Everything about Saturday screamed opportunity. Cincinnati entered level with San Diego FC atop MLS, but with the edge to prove they’re still the team that lifted the Shield in 2023. NYCFC, scrapping for playoff positioning, brought hunger but not intimidation.
The first half unfolded like a dull sparring match. Cincinnati’s makeshift lineup, forced by injuries and fresh transfer turnover, struggled to stitch together meaningful sequences. Alvas Powell and Brad Smith, pressed into wingback duty after DeAndre Yedlin’s transfer and Luca Orellano’s injury, looked serviceable at best — but the attack was toothless. Three shots on target all night told the story.
New York smelled the opening. Pascal Jansen’s side wasn’t flashy, but they were disciplined. Alonso Martínez’s 55th-minute strike was the dagger — he torched three defenders in a straight-up footrace before slotting calmly past Roman Celentano. It wasn’t just a goal, it was a flex: NYCFC had the legs, the composure, and the intent. Cincinnati never found an answer.
When the collective struggles, it’s not fair to hang one guy — Noonan admitted “our whole team struggled” — but it’s hard not to point out how little spark came from Cincinnati’s front line.
Martínez’s goal changed everything. Until that strike, the match was cagey but balanced, like two teams shadowboxing. Once NYCFC scored, the script flipped: Cincinnati had no second act.

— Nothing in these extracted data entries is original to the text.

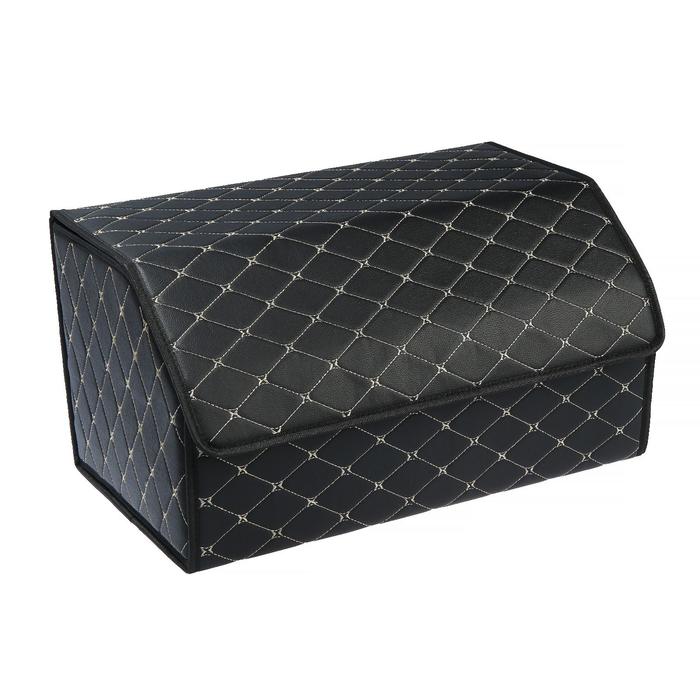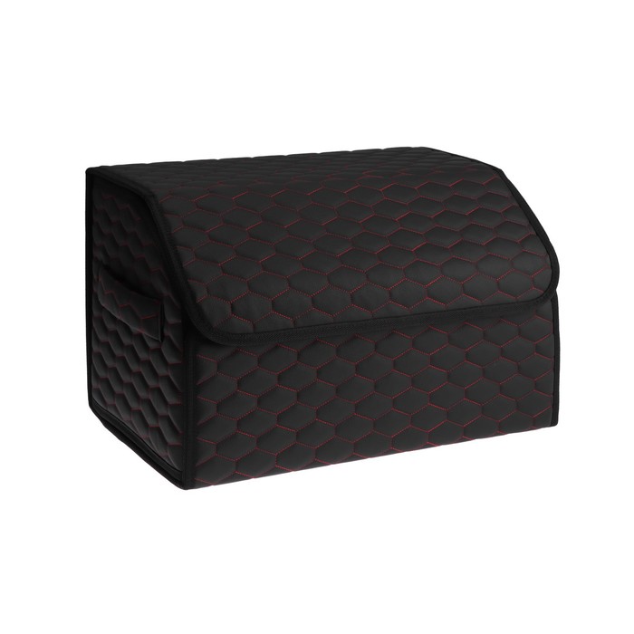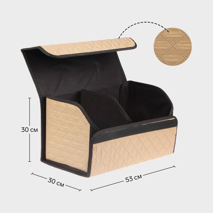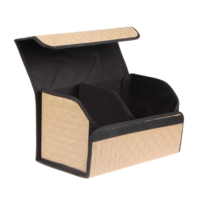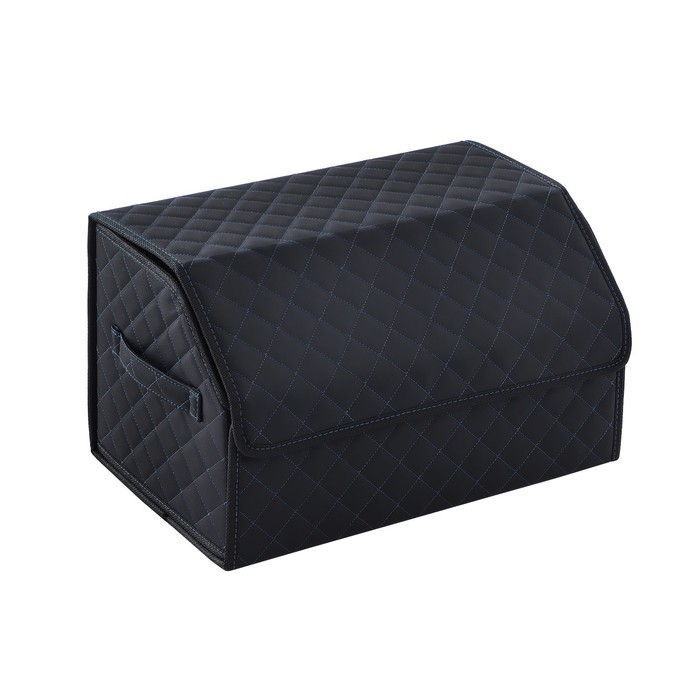 Органайзер в багажник авто – это очень удобная вещь, с помощью которой легко хранить и перевозить вещи, а также экономить место в машине! Этот органайзер для авто избавит Вас от вечного беспорядка в багажнике и будет долго радовать глаз красивым внешним видом. Размер органайзера самый универсальный – не большой и не маленький. Он не будет занимать много места в багажнике но при этом он достаточно вместителен. В полезном пространстве органайзера есть разделитель. Благодаря нему у вас есть два отсека для вещей. Разделитель можно убрать и получить один большой отсек. Отсутствие разделителя не влияет на прочность конструкции. В саквояж можно сложить различные инструменты, автомобильную косметику, аксессуары и прочие химические средства. Также он используется для перевозки и хранения спортивного инвентаря, пляжных принадлежностей, аптечки и туристского снаряжения. Поверхность органайзера для багажника даже при больших загрязнениях легко протирается влажными салфетками.
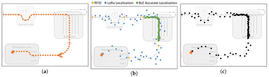 We considered a scenario where a trolley is entering the warehouse and moves across the auction room, buffer zone and finally the distribution zone, with the resulting trajectory shown in Figure 11a. During this process, the trolley is being localized by all localization technologies, and these localization measurements are provided in Figure 11b. As this figure presents, the BLE-based localization measurements are only available in the buffer zone, while LoRa measurements are obtained for the whole warehouse, including the buffer zone. In the buffer zone, where trolleys are tracked by more than one localization technology, the cooperation of multiple localization technologies can improve location accuracy. In such a scenario, these localization technologies can cooperate and exchange data in order to improve location accuracy, overcome temporary failures or omit incorrect location data. Algorithm 1 roughly provides a simple algorithm, which can be used to combine the measurements of various localization technologies. The filtered and post-processed location data are provided in Figure 11c.
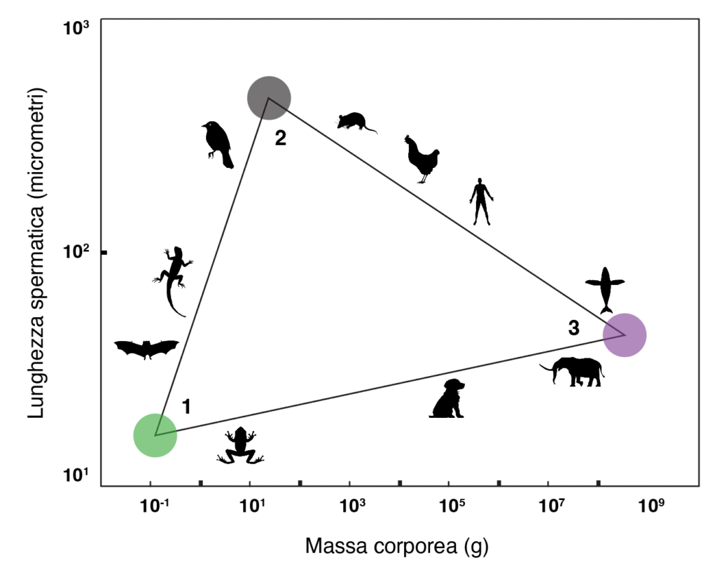 Applicando il complicatissimo sistema di analisi basato sulla multi-ottimizzazione di Pareto, il primo risultato è che non c’è una relazione lineare ma triangolare (il triangolo di Pareto) tra la lunghezza degli spermi e la massa corporea.
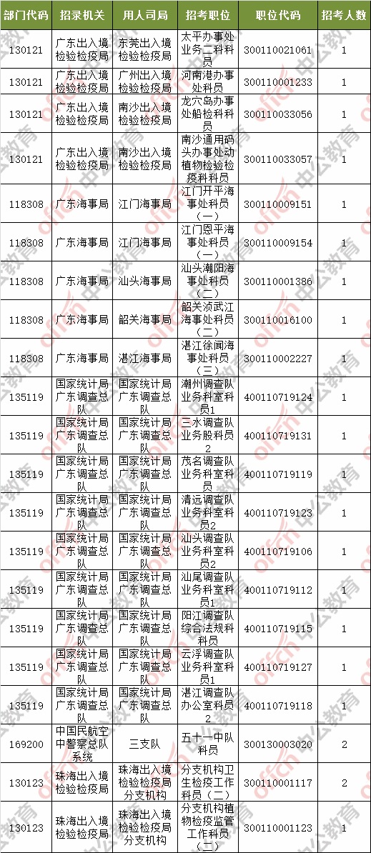 截止到8日17時(shí)30分,工作地點(diǎn)在廣東的職位共有21個(gè)無(wú)人報(bào)考,占全部職位的1.59%。下面是無(wú)人報(bào)考職位一覽表,中公網(wǎng)校專家建議廣大考生多關(guān)注一些較冷職位,避免激烈競(jìng)爭(zhēng),結(jié)合自身?xiàng)l件,找到屬于自己的職位。
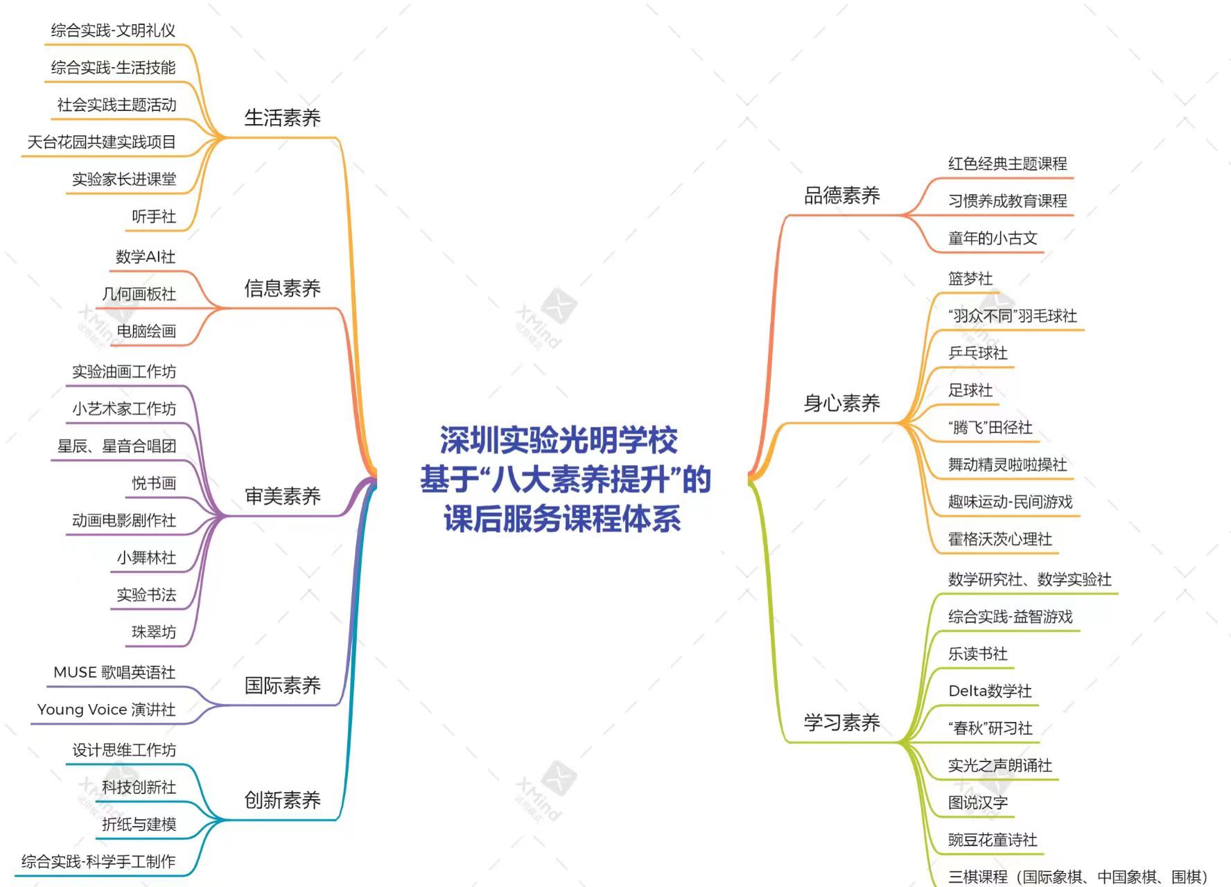 结合“双减政策”,我校坚持育人为本,遵循学生身心发展规律,围绕学生品德、身心、学习、创新、国际、审美、信息、生活八大素养,构建了丰富多彩的课后服务课程体系。2021年11月18日,我校承办深圳市光明区与百色市田阳区联合举办的基础教育经验交流活动,我校围绕“双减”背景下学校作业设计与管理,分享经验做法,发挥本校的示范作用。2022年我校被评为光明区双减示范校。
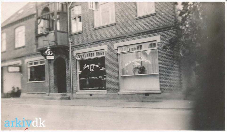 Fra 1937-38 bagerbutik, bygningen fremstår med betonoverligger og murværksdetaljer. Der har været dør ud mod vej og detaljeret altan på.

It wasn’t just conceding — it was how. Three defenders beaten in open grass at home, by a team fighting for eighth place, in a supposed Shield-chasing season. That sequence felt like a flashing neon sign: this version of FCC isn’t sharp enough.
The bigger picture hurts more than the 1–0 scoreline. Dropping from second to third in the Shield race with just six games left shifts the entire narrative. San Diego and others now see vulnerability.
Pat Noonan’s squad isn’t at full strength — Miles Robinson sidelined, Orellano missing, and new arrivals not yet integrated — but excuses don’t carry much weight when you’re supposed to be MLS’s elite. TQL is supposed to be a fortress. Instead, it’s starting to look like an open house.
The silver lining? Reinforcements are here. The transfer window brought back Brenner (on loan from Udinese, cue the fan nostalgia), Dominik Marczuk, Ayoub Jabbari, Samuel Gidi, and Ender Echenique. Only Echenique featured Saturday, but the depth chart looks very different heading into the stretch run. Once the pieces click, this team could go from flat to frightening in a matter of weeks.
The loss to NYCFC doesn’t doom Cincinnati, but it raises the stakes of every remaining match. Five wins in their last seven would’ve broken their single-season record — now that cushion is gone. Every dropped point is magnified in the Shield race and playoff seeding.
Next up? The Philadelphia Union on August 30, another heavyweight clash at TQL. Lose again at home, and the whispers about “maybe FCC peaked in 2023” will get louder. Win, and Saturday’s dud becomes a footnote.
Cincinnati had the stage Saturday night, the crowd, the roster hype, the chants. Instead, they played like a team searching for its identity mid-season rather than cementing itself as a Shield favorite. Alonso Martínez ran right through them — literally — and reminded MLS that the Orange and Blue are beatable, even in their own house.
It’s not panic time yet, but let’s be honest: this wasn’t just “a loss.” It was the kind of night that forces a reality check. Supporters’ Shield contenders don’t drop lifeless performances at home in late August.
The season’s final act is still unwritten, and Brenner’s return alone will keep fans buzzing. But for now, the only buzz coming out of TQL Stadium is the hum of frustration — and the sound of NYCFC walking out with all three points.